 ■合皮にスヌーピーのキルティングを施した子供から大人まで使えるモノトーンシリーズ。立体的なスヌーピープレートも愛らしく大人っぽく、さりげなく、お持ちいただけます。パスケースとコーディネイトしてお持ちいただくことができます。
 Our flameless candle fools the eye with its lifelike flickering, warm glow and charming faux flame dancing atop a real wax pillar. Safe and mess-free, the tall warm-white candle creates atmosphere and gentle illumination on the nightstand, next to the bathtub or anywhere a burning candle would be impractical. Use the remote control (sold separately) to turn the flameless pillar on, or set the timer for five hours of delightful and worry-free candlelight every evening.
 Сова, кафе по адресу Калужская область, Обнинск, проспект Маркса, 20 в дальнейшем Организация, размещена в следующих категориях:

+ + + + + + +

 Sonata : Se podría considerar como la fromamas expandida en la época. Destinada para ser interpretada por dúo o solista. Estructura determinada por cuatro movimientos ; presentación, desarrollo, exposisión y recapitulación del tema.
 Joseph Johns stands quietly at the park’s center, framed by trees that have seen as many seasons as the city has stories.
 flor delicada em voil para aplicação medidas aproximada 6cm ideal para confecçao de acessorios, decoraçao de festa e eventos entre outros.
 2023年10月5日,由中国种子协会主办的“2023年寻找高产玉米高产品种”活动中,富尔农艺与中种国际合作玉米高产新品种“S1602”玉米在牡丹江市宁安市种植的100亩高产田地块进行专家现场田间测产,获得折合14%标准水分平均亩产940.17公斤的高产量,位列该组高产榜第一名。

+ + + + + + +

**PROBLEM DESCRIPTION:** Starting at the line that contains "Sonata : Se" and stopping after the line that contains "2023年10月5日,由中国", write out every line exactly as it appears above, and no other line.

**ANSWER TO THIS PROBLEM:**
 Sonata : Se podría considerar como la fromamas expandida en la época. Destinada para ser interpretada por dúo o solista. Estructura determinada por cuatro movimientos ; presentación, desarrollo, exposisión y recapitulación del tema.
 Joseph Johns stands quietly at the park’s center, framed by trees that have seen as many seasons as the city has stories.
 flor delicada em voil para aplicação medidas aproximada 6cm ideal para confecçao de acessorios, decoraçao de festa e eventos entre outros.
 2023年10月5日,由中国种子协会主办的“2023年寻找高产玉米高产品种”活动中,富尔农艺与中种国际合作玉米高产新品种“S1602”玉米在牡丹江市宁安市种植的100亩高产田地块进行专家现场田间测产,获得折合14%标准水分平均亩产940.17公斤的高产量,位列该组高产榜第一名。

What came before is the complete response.